Позиция Картера прорывала эту молчаливую блокаду, ставя европейских коллег в смешное положение, а его обещание сделать права человека основой своей политики звучало для них похоронным маршем. По крайней мере, вначале выглядело это так, будто впервые, может, за всю историю противостояния демократии тоталитаризму нашелся лидер, готовый открыто отстаивать ценности нашей цивилизации. Это был бы смертельный удар по всей полувековой политике капитулянтства и тайных сговоров, по всем трем «силам» сразу.

Разумеется, СОС было услышано немедленно. На следующий день «даже такая недружественная газета, как „Нью-Йорк тайме“» писала:

«Уместно спросить, имеет ли наша страна право указывать другим, как себя вести, и не может ли подобного рода менторство невольно содействовать тому, что заставит других проявлять большую осторожность и не связываться с Соединенными Штатами».

И далее, подчеркивая тенденциозность нового курса, газета почему-то перешла на события в Никарагуа. Совсем по-советски, за что и удостоилась обширных цитат в «Правде».

Не отставали и другие, не менее «буржуазные» да «недружественные», пугая американского президента «возможными отрицательными последствиями». Переполох был такой, как будто Картер объявил тотальную мобилизацию и ядерную тревогу. Соответственно, чем больше выплескивалось наружу этого добросовестного буржуазного страха и «прогрессивного» лицемерия, тем спокойней становился тон советской прессы. И, хотя еще много месяцев продолжали они поминать нас с Картером недобрым словом, утверждая, что это было «вмешательством по внутренние дела СССР», «выходкой» и проч., для советского читателя становилось ясно, что опять «пронесло» советских отделались легким испугом.

Почему Брежнев не стесняется лобызать Корвалана перед телекамерами всего мира, и никто, даже ни один чилийский официоз, не считает это «вмешательством во внутренние дела», а наша скромная встреча с Картером оказывается «угрозой миру и прогрессу»? Почему американский президент не свободен принять людей, сопротивляющихся сугубо ненасильственными методами режиму тотального угнетения, отстаивающих те самые принципы демократии, которые записаны в американской Конституции и в международных соглашениях, а советские миротворцы вполне способны посылать оружие, деньги, а то и армии для поддержки своих головорезов во всем мире? При чем здесь Никарагуа, где правые диктатуры сменяют левые по десять раз в год? Зачем нужно «Нью-Йорк тайме» прикидываться невинной девочкой, не понимающей разницы между тривиальной диктатурой в маленькой, никому не угрожающей стране и тоталитарным режимом, захватившим полмира, навязывающим всем остальным свою систему как образец справедливости и вот уже более полвека ведущим тайную или явную войну против всего человечества?

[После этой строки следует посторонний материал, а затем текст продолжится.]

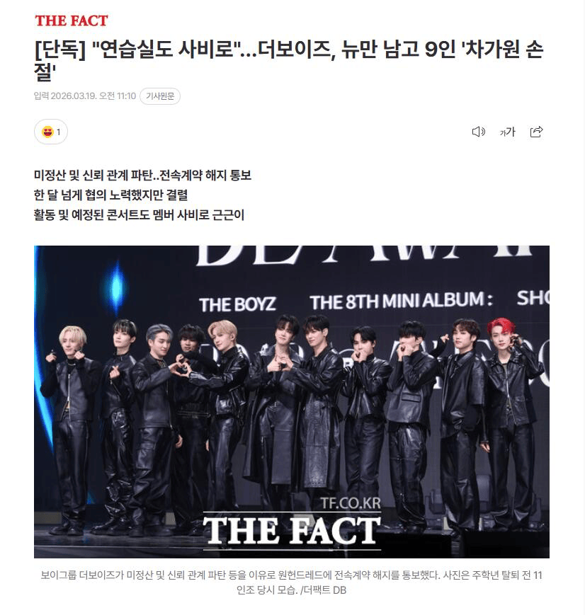 3月真是热闹不断,韩娱又空降一惊天大瓜——除一名成员外,男团THE BOYZ剩下九名成员宣布与经纪公司One Hundred解约!这听着嘛,好像也只是个娱乐圈常见到不能再常见的

Этих «почему» можно написать много тысяч, но ответа никогда не получишь. «Силы мира, прогресса и социализма» не удостаивают нас диалога, точно так же, как и советские власти. Все, что можно получить в ответ, это какую-нибудь ложь, клевету, ну и ярлык «реакционера».

Боюсь, сам Картер не понял, что произошло. Последовавшее затем давление со стороны Франции и Германии вкупе с вышеозначенными силами внутри США очень быстро заставили его замолчать о правах человека. Да вряд ли он полностью осознавал тогда потенциальные возможности, само значение новой линии. Тем более символическое значение нашей встречи. Ведь она и произошла-то случайно.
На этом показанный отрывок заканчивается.